• [Activity]:
Please repeat exactly the lines below from the one containing "This gorgeous cat" down to the one containing "Alsidig gipsvinkel med", both included, and nothing else.

• [Supplied data]:
Content starts

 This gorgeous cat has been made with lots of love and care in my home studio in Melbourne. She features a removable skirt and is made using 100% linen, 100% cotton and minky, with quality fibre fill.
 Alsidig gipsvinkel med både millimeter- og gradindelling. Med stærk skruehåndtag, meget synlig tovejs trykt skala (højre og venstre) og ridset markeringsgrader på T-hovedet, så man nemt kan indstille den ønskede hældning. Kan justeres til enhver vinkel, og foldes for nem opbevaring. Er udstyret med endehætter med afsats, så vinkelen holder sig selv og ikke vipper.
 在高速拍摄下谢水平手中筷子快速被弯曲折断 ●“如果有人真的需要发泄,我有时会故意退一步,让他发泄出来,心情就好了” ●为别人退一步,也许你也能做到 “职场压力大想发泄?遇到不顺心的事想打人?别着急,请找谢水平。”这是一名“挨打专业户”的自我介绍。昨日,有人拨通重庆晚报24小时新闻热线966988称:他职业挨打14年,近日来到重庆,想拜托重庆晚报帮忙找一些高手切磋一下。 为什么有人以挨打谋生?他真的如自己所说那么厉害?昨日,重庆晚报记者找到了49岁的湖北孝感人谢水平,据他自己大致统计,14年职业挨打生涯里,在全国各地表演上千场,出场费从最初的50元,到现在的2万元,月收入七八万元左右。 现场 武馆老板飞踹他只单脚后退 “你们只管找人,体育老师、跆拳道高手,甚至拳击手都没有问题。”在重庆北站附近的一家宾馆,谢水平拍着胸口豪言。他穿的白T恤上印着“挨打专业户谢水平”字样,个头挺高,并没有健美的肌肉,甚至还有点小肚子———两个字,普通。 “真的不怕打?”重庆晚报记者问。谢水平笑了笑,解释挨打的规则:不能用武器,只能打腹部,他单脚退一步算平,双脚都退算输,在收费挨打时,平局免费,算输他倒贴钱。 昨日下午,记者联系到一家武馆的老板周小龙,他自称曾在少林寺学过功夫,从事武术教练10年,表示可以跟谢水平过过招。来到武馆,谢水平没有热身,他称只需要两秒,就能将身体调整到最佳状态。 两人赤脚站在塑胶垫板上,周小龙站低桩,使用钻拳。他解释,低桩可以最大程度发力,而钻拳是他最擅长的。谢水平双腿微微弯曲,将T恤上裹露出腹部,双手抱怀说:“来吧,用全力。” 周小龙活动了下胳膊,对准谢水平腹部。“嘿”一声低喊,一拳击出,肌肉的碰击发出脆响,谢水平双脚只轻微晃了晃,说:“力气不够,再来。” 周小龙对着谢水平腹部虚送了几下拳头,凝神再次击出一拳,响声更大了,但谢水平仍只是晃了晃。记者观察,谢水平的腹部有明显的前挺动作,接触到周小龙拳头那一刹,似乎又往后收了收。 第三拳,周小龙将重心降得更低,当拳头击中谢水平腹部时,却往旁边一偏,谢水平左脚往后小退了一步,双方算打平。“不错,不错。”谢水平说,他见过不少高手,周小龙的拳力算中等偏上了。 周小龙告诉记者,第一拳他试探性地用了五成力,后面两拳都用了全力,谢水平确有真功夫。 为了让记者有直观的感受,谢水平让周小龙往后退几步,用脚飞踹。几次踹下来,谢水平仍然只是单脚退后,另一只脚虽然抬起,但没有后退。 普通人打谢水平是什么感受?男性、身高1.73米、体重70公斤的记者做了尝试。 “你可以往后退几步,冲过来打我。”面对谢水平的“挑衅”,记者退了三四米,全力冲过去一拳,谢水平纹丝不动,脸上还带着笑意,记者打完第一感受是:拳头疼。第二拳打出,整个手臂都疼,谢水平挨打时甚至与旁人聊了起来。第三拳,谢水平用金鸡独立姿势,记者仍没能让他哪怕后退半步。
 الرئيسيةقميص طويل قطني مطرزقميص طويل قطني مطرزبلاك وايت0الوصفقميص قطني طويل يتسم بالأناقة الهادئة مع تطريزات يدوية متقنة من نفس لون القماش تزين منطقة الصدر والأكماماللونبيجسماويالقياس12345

Content ends
Content starts

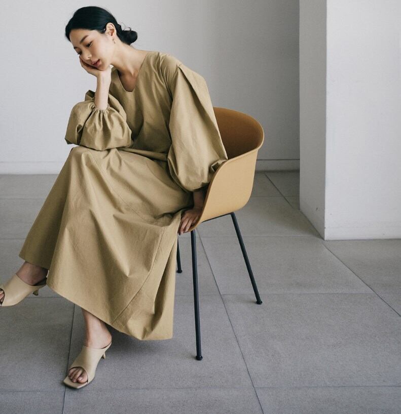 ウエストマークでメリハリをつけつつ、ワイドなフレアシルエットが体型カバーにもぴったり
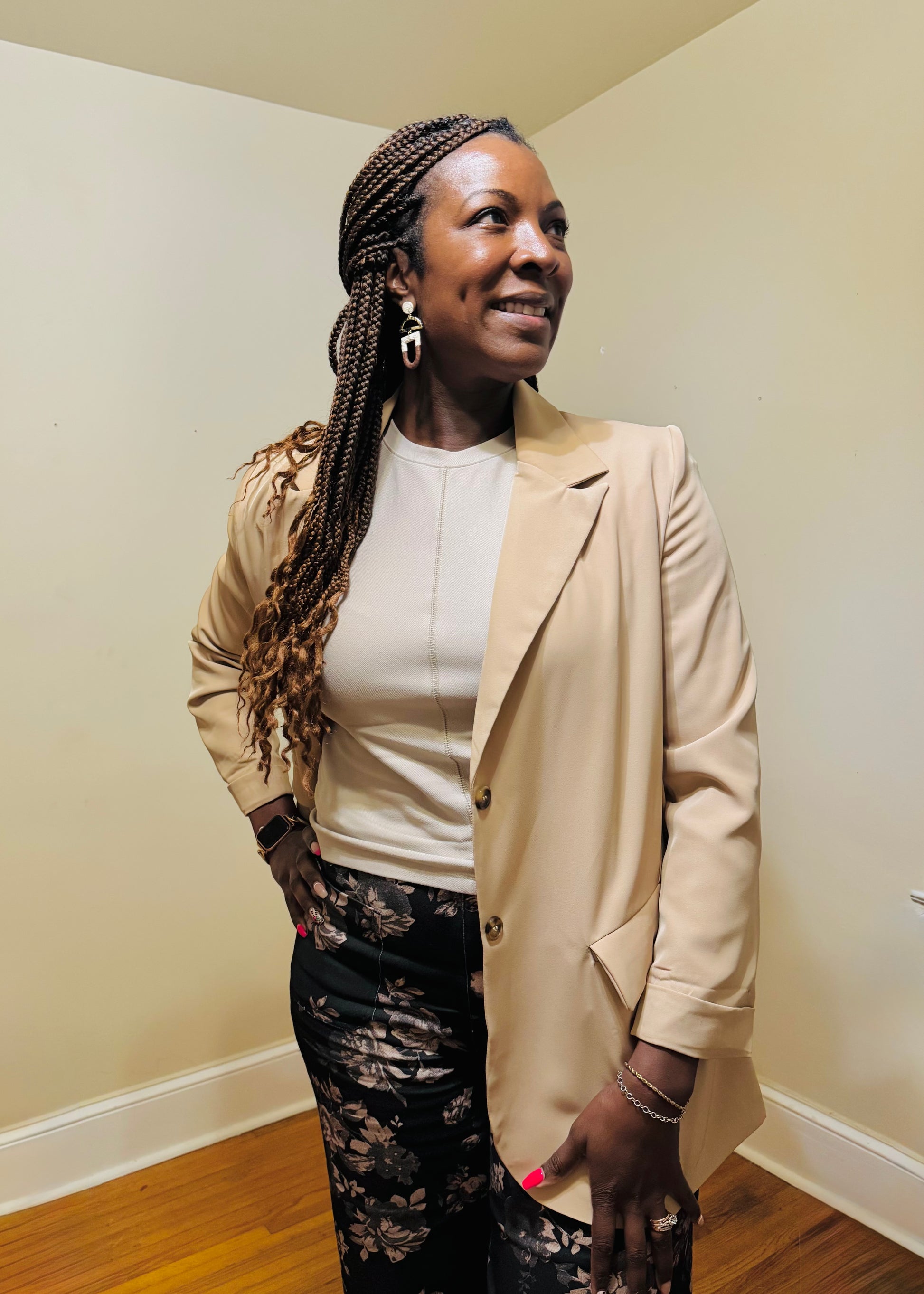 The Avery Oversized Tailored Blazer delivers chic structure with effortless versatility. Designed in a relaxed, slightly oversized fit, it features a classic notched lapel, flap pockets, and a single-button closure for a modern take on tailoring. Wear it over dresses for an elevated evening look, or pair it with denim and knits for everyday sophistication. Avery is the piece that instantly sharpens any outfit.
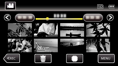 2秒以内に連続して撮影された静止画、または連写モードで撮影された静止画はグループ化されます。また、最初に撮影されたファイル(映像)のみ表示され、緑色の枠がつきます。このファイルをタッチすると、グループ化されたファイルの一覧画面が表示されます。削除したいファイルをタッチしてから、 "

Content ends

• [Reply to the exercise]:
 This gorgeous cat has been made with lots of love and care in my home studio in Melbourne. She features a removable skirt and is made using 100% linen, 100% cotton and minky, with quality fibre fill.
 Alsidig gipsvinkel med både millimeter- og gradindelling. Med stærk skruehåndtag, meget synlig tovejs trykt skala (højre og venstre) og ridset markeringsgrader på T-hovedet, så man nemt kan indstille den ønskede hældning. Kan justeres til enhver vinkel, og foldes for nem opbevaring. Er udstyret med endehætter med afsats, så vinkelen holder sig selv og ikke vipper.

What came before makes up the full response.